» Data shown:
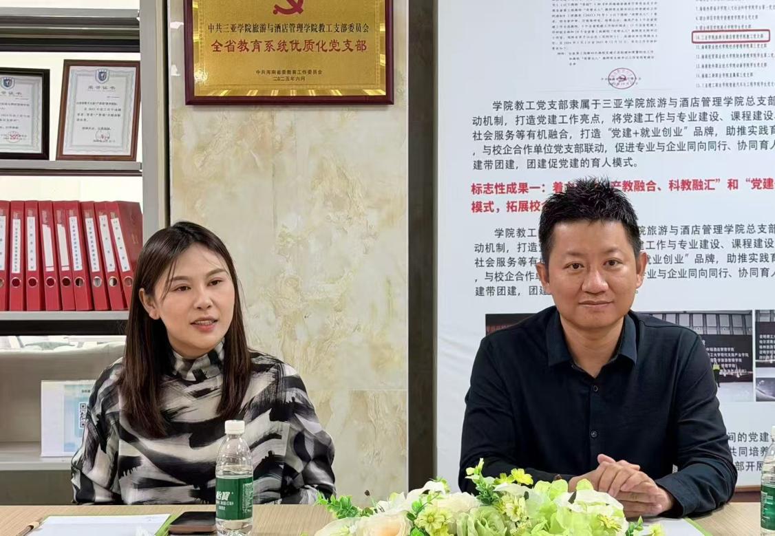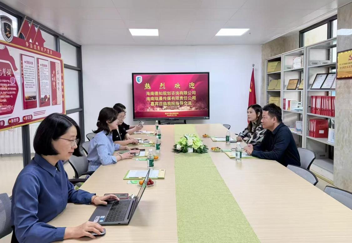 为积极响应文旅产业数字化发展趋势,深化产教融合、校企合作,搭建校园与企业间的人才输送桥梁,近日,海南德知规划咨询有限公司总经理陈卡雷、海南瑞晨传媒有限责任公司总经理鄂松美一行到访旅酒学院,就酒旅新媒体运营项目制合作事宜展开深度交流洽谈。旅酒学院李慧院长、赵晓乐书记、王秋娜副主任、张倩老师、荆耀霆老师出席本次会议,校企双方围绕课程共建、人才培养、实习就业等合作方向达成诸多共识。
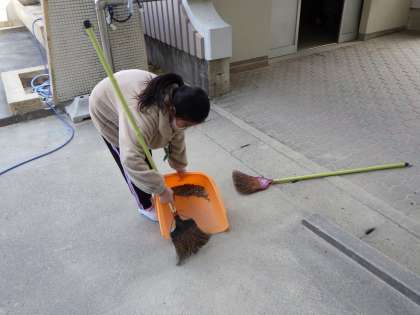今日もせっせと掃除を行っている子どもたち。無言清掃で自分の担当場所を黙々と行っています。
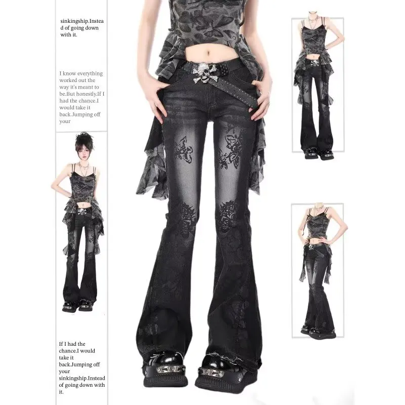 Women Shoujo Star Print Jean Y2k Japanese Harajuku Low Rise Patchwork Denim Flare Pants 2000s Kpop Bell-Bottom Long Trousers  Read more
--
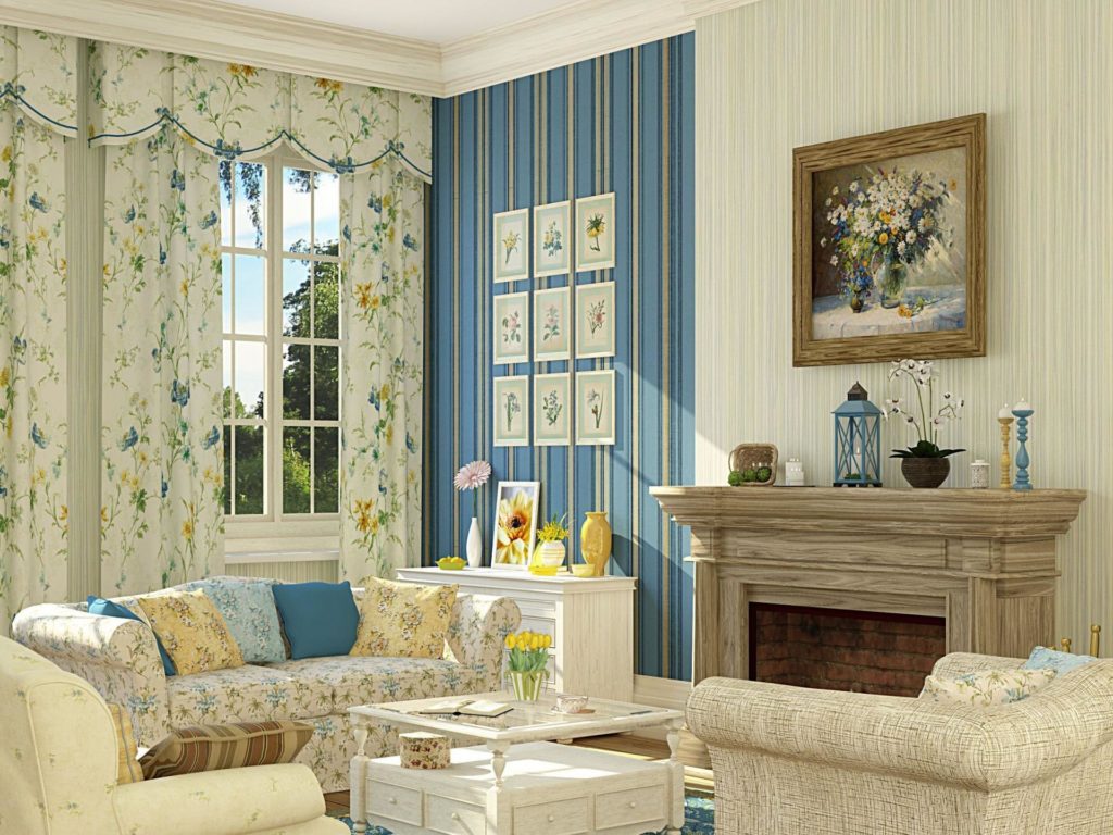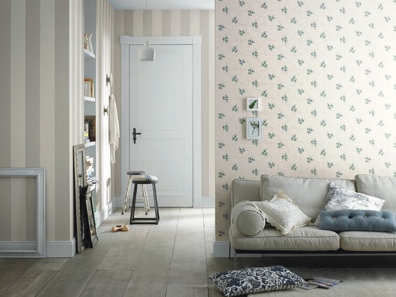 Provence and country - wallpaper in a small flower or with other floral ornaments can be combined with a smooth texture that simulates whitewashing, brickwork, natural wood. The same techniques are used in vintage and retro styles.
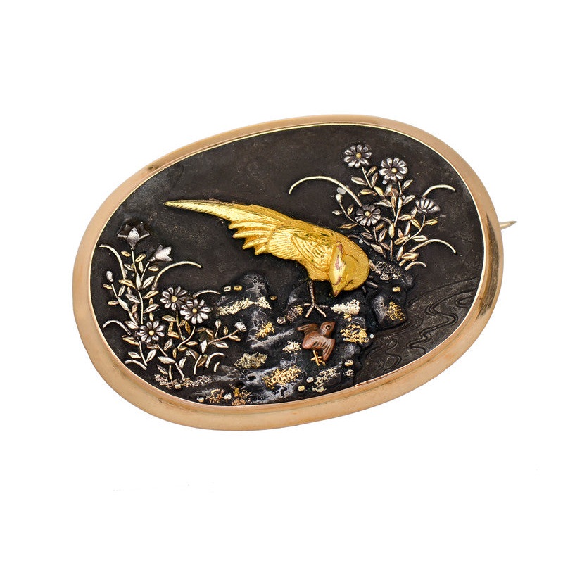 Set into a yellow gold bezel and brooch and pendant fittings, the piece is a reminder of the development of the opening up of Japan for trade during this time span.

» Work instruction:
Between and including the line with "Provence and country" and the line with "Set into a yellow", repeat every line exactly as it appears above, with pictures left out.

» Task output:
 Provence and country - wallpaper in a small flower or with other floral ornaments can be combined with a smooth texture that simulates whitewashing, brickwork, natural wood. The same techniques are used in vintage and retro styles.
 Set into a yellow gold bezel and brooch and pendant fittings, the piece is a reminder of the development of the opening up of Japan for trade during this time span.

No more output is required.